Prisons (Solitary Confinement) (Amendment) Bill 2016: First Stage

I move:

That leave be granted to introduce a Bill entitled an Act to amend section 35 of the Prisons Act 2007 to provide for specific provisions in regard to the use of solitary confinement in Irish prisons.

In moving the Bill, I direct the Tánaiste to figures released on the website of the Belfast Newsletter from details secured under freedom of information. The figures show that prisoners in Ireland are held in solitary confinement for 22 to 23 hours a day for months on end and in some cases for more than a year. On 1 January, a total of 51 inmates across various Irish prisons were being held in cells for at least 22 hours a day and half of them were there for over 100 days. At least nine of those prisoners had spent over a year in such conditions. The UN and scientific evidence are unequivocal in regard to these matters. More than 15 days in solitary confinement means serious and sometimes permanent psychological damage.
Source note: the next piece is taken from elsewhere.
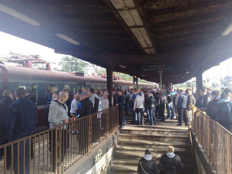 Mecz z Polonią Warszawa nie wywołał mobilizacji wśród kibiców Ruchu. Do stolicy wybrało się 270 fanów "Niebieskich". W sektorze gości na Konwiktorskiej pojawiło się jednak 230 "strażników niebieskiej eRki", wspartych przez 10 Widzewiaków (głównie Fan Club Warszawa). Pozostali spędzili mecz pod bramami stadionu. Fani Ruchu podróżowali do Warszawy autokarami i samochodami. Cała grupa wyjazdowa dotarła do celu wyprawy na prawie dwie godziny przed meczem. Wchodzenie odbyło się normalnie i wszyscy - oprócz 30 osób, które nie przeszły testu alkomatem - zameldowali się w "klatce" już przed rozpoczęciem spotkania.

The UN special rapporteur on torture was even more unequivocal about Ireland's practice of locking up people in solitary confinement when he said recently "There is no question to me that those people are suffering what constitutes cruel, inhuman and degrading treatment and perhaps even torture".

The Bill creates a definition of "solitary confinement" for the first time in Irish law. This is critical because in the absence of a definition, those in authority can hide behind words. In fairness, when I asked the Tánaiste about this situation recently, she used many different terms including "23-hour lock up", "punishment" and "restricted regimes". All of this language means it is difficult to access data and keep tabs on people's circumstance and it has potentially serious consequences for prisoners' human rights. We need to call it what it is, which is solitary confinement, and to accept just how serious it is and how damaging the consequences of its use and abuse can be.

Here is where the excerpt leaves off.